Каслри опустил голову. Он не стал указывать королю на его ошибку, на то, что он несправедлив. Не стал демонстрировать обиду. Яков понял это сам.

— Прости меня, Руперт, — тихо произнес он. Немного помолчал. Каслри не решился прервать это молчание. Наконец Яков поднял глаза: — Скажи, Руперт, могу я что-нибудь сделать для тебя? — спросил он так же тихо, но гораздо спокойнее. — Пока я еще король.

— Можете, — кивнул Руперт.

— Что? Все, что в моих силах…

— Это вполне в ваших силах, Ваше Величество, — еще раз поклонился Каслри, выпрямился и произнес: — Останьтесь в живых. Это мое единственное желание.

Король прикрыл усталые глаза:

— И все? И ничего для себя?

— У меня все есть, — Каслри пожал плечами, — вы знаете, я никогда не стремился к власти. Все, чего я хотел — охотиться на лис. Мне жаль, что я не смог спасти ваш трон. Но я хочу уйти не опозоренным. Я хочу спасти вашу жизнь.
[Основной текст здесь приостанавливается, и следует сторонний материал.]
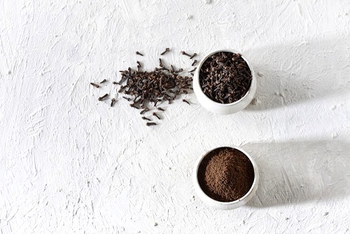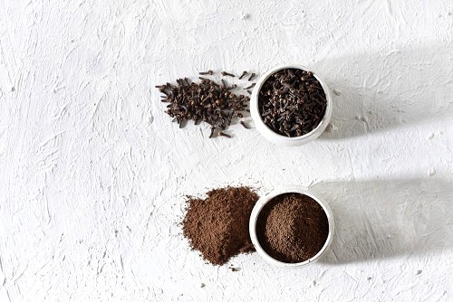 2 Beige ceramic bowls, one full of cloves and the other full of powder on textured white flooring
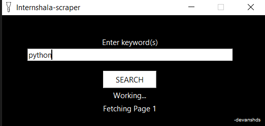 TL;DR : Web scraper application using bs4 and tkinter with some multithreading to scrape internships from www.internshala.com

— Бегство? — спросил Яков.

— Бегство, — кивнул Каслри.

— Но куда? Ты уже все продумал?

— В Кент. А оттуда морем во Францию. Луи не выдаст вас.

— Да, Луи не выдаст. Но до Кента еще нужно добраться, а все мои кареты с гербом…
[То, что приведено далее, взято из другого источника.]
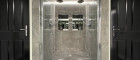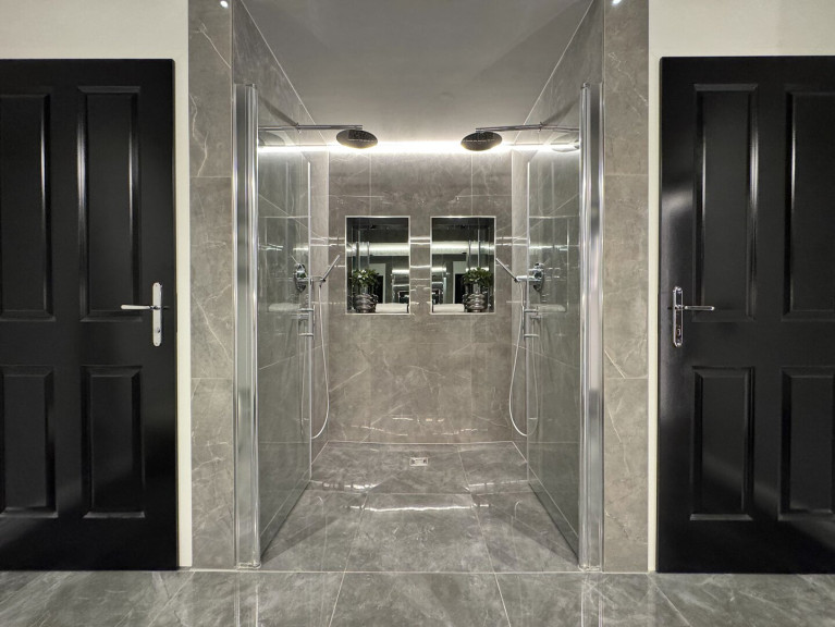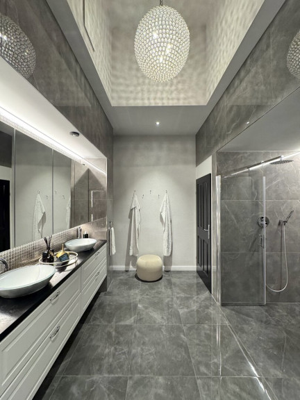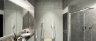 Eingangsbereich: Eingebaute Garderobe bzw. Schrankraum sowie ein elegantes Badezimmer mit Doppeldusche und separatem WC. Das Badezimmer ist mit hochwertigem silbergrauem Feinsteinzeug und passendem Interieur ausgestattet. Über eine Treppe gelangt man zur freistehenden Badewanne auf der Galerieebene.

— Вы поедете в моем экипаже, — сказал виконт. Он и в самом деле все продумал. — А я — в вашем. В другую сторону.

Король пристально посмотрел на Руперта.

— Ты идешь на верную смерть.

Каслри пожал плечами:

— Ради короля… Разве я первый?

На этот раз король молчал гораздо дольше.

— Если мы оба останемся в живых… — он не договорил. Но в этом не было необходимости. Каслри знал и так, что Яков никогда этого не забудет. Король просто не умел забывать такие услуги или отвечать на них черной неблагодарностью.

— Удачи вам, Ваше Величество. И — поторопитесь, — сказал он.

— Удачи нам обоим, Руперт. Да не оставит нас дева Мария.

* * *

Море шумело где-то там, вдали, за горизонтом. Сюда его гул долетал лишь иногда, когда его приносил ветер. А прямо у берега стальные воды были скованы толстой кромкой льда. Белый снег лежал на крышах ветхих домишек и сараев, на плетнях, на голых ветках деревьев, на перевернутых лодках. Давно уже рыбаки не выходили в море. Сейчас они сидели у очагов, глядя на огонь, курили или жевали табак и грубыми, но сильными и умелыми пальцами гнули крючки, готовили снасть на следующее лето, чинили паруса.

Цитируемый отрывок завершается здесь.